KPK: Polres Cilacap jadi Penerima THR 'Haram' Bupati Syamsul Auliya
15 March 2026, 05:41 WIB
Bupati Cilacap, Syamsul Auliya menyandang status tersangka dalam korupsi pemalakan uang THR di satuan kedinasan daerahnya sendiri. Diketahui, kasus terbongkar dalam operasi tangkap tangan (OTT) yang dilakukan KPK beberapa hari yang lalu.
Sebanyak 27 orang yang ditangkap dalam OTT menjalani pemeriksaan di Polres Banyumas. KPK buka suara alasan pemeriksaan tidak dilakukan di Polres Cilacap meski lokasi kejadian di sana.
Menurut Deputi Bidang Penindakan KPK, Asep Guntur, hal itu sengaja dilakukan penyidik, sebab berdasarkan informasi diterima bahwa polres setempat, menjadi salah satu pihak eksternal yang diguyur bupati dari THR haram tersebut.
"Kemudian terhadap 27 orang (terjaring OTT) kenapa diperiksanya di Banyumas dan tidak di Cilacap? Kami menghindari terjadinya conflit of interest. Kenapa? Karena dari hasil pemeriksaan dan Informasi yang kita kumpulkan, bahwa uang tersebut sudah di Forkopimda, salah satu forkopimdanya adalah Polres (Cilacap)," kata Asep saat jumpa pers di Gedung Merah Putih KPK, Jakarta, Sabtu (14/3/2026).

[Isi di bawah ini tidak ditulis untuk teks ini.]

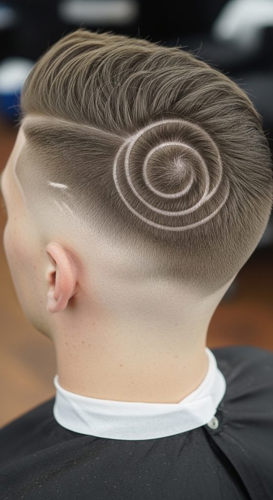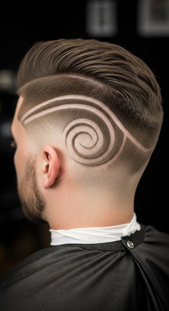 The spiral design creates a swirling pattern carved into the faded section of the haircut.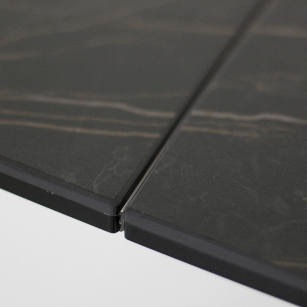 Mesa de salón extensible tipo barril con extensiones integradas, tapa de cerámica , canto recto , base chapada en nogal canaletto y pies regulables. Gracias a la forma de la base y al acabado del tablero, la mesa es capaz de dar un toque de movimiento y elegancia a cualquier ambiente diario y contract. Los materiales garantizan funcionalidad y practicidad para tener un producto no sólo visualmente muy bonito sino también utilizable en cualquier ocasión.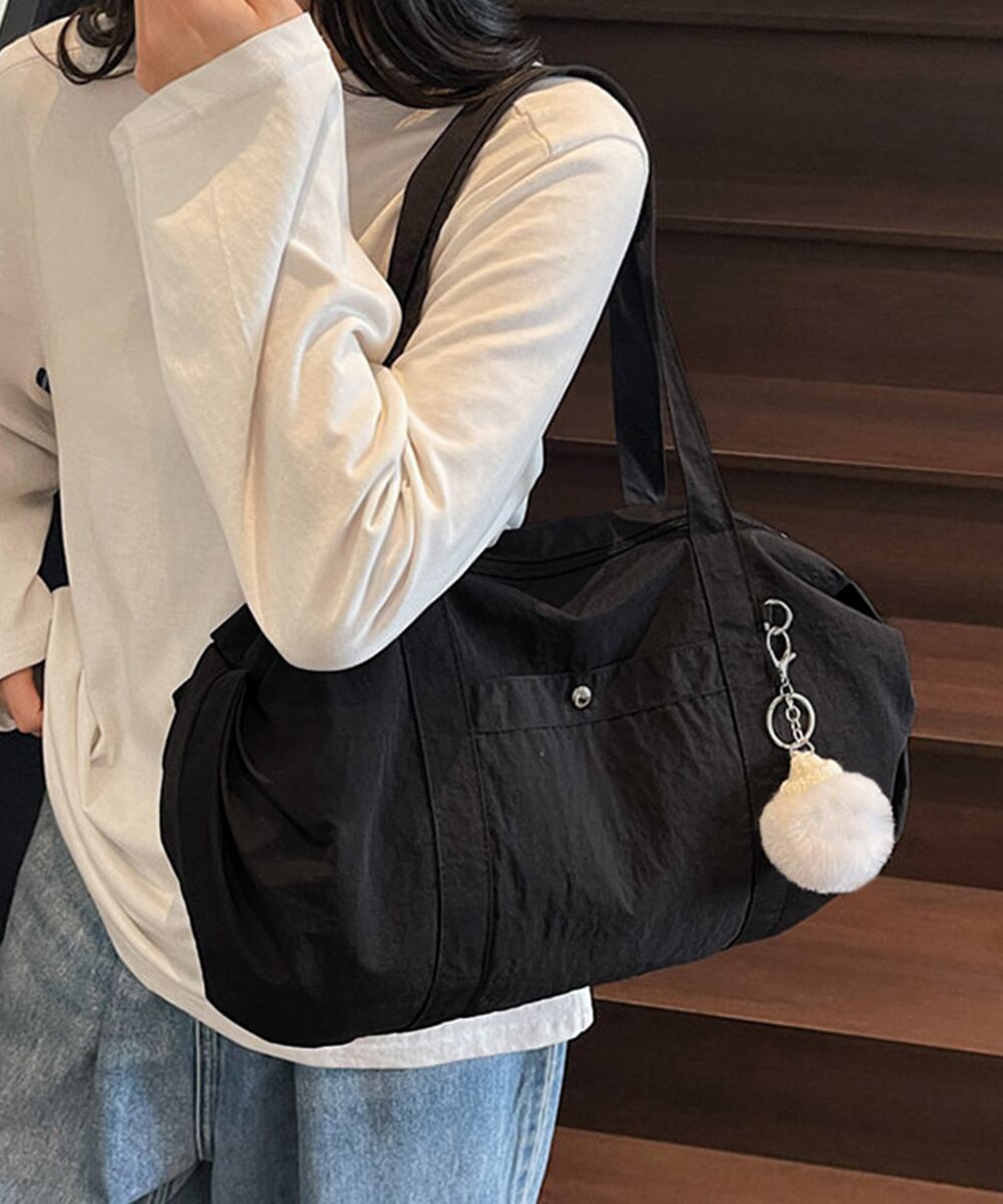 シンプルでカジュアルコーデに合わせやすく、軽量ナイロン素材を使用した大容量トートバッグ。

Asep pun menghindari pemeriksaan yang tidak berimbang jika dilakukan di sana. Karenanya, dia memindahkannya ke polres lain.
"Makanya tidak dilakukan pemeriksaannya di Polres Cilacap, untuk menghindari tadi Conflict of interest (COI) ini kita pindah ke Banyumas," jelas Asep.
Tetapkan 2 Tersangka
Sebagai informasi, dalam kasus ini KPK kemudian menaikkan perkara ke tahap penyidikan dan menetapkan dua orang tersangka. Mereka adalah Bupati Cilacap 2025-2030, Syamsul Auliya dan Sekretaris Daerah Kabupaten Cilacap, Sadmoko Danardono.
"KPK selanjutnya melakukan penahanan terhadap para Tersangka untuk 20 hari pertama sejak 14 Maret-2 April 2026. Penahanan dilakukan di Rumah Tahanan Negara (Rutan) Cabang Gedung Merah Putih KPK," tegas Asep.
Atas perbuatannya, Asep memastikan para tersangka disangkakan telah melanggar Pasal 12 huruf e dan/atau Pasal 12B Undang-Undang Nomor 31 Tahun 1999 tentang Pemberantasan Tindak Pidana Korupsi sebagaimana telah diubah dengan Undang-Undang Nomor 20 Tahun 2001 tentang pemberantasan tindak pidana korupsi Jo. Pasal 20 huruf c UU No. 1 Tahun 2023 tentang KUHP.